What you will do:
From the material below, copy exactly the lines beginning with the one that contains "SM(Styrene Monomer)은 갑자기" and ending with the one that contains "可以看出,RIS2011 Beta在Windows 7"; the pictures stay out.

Material for this task:
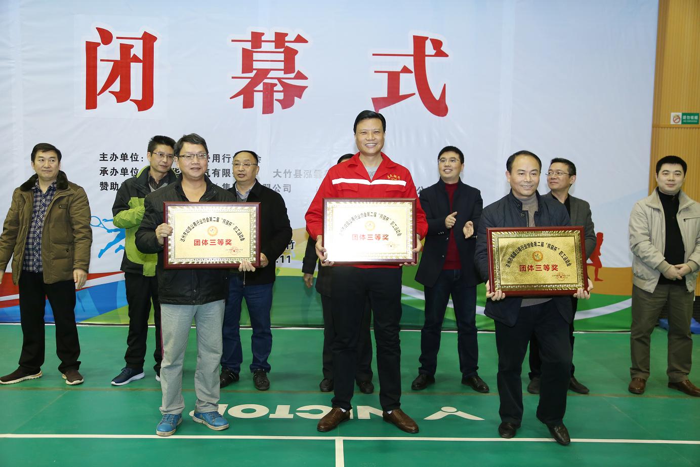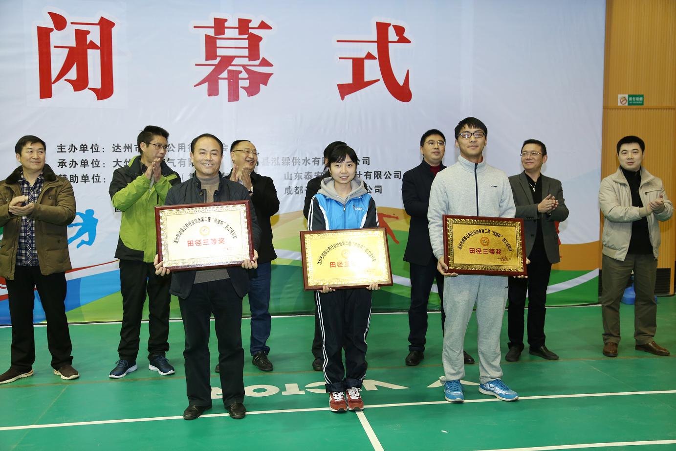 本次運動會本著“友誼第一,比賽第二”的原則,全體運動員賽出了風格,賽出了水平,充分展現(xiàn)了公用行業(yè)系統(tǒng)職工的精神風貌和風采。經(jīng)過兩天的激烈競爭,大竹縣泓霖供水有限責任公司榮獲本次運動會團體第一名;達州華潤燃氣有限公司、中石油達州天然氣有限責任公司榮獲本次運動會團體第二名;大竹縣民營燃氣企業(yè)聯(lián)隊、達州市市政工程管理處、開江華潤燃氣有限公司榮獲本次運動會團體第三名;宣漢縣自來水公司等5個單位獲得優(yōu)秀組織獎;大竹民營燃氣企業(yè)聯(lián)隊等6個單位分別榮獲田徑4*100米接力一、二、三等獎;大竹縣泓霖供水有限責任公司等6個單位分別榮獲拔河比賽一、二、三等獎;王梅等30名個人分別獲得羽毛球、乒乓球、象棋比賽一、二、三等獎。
...
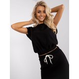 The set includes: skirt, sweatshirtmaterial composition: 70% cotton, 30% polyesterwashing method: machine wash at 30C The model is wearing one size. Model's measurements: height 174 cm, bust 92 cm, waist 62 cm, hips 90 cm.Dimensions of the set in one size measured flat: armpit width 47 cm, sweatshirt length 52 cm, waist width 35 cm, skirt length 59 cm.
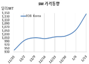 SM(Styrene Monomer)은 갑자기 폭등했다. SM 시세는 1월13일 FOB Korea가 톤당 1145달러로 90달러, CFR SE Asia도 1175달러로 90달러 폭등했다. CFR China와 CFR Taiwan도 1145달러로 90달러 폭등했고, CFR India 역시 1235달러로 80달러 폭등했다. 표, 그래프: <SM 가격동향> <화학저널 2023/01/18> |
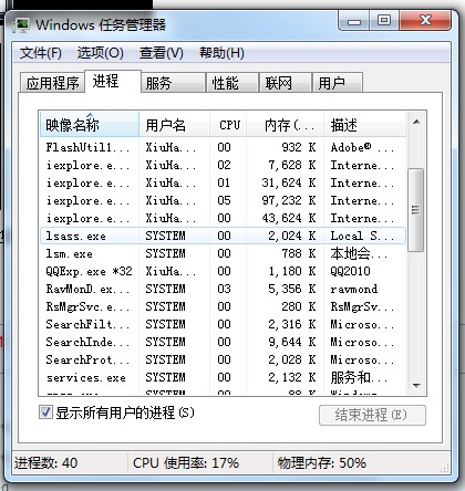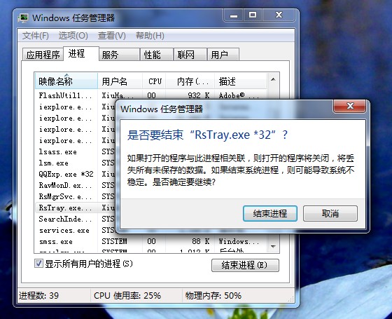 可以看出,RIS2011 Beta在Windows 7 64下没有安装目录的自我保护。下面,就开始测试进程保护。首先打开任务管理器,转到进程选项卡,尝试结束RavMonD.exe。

Written answer:
 SM(Styrene Monomer)은 갑자기 폭등했다. SM 시세는 1월13일 FOB Korea가 톤당 1145달러로 90달러, CFR SE Asia도 1175달러로 90달러 폭등했다. CFR China와 CFR Taiwan도 1145달러로 90달러 폭등했고, CFR India 역시 1235달러로 80달러 폭등했다. 표, 그래프: <SM 가격동향> <화학저널 2023/01/18> |
 可以看出,RIS2011 Beta在Windows 7 64下没有安装目录的自我保护。下面,就开始测试进程保护。首先打开任务管理器,转到进程选项卡,尝试结束RavMonD.exe。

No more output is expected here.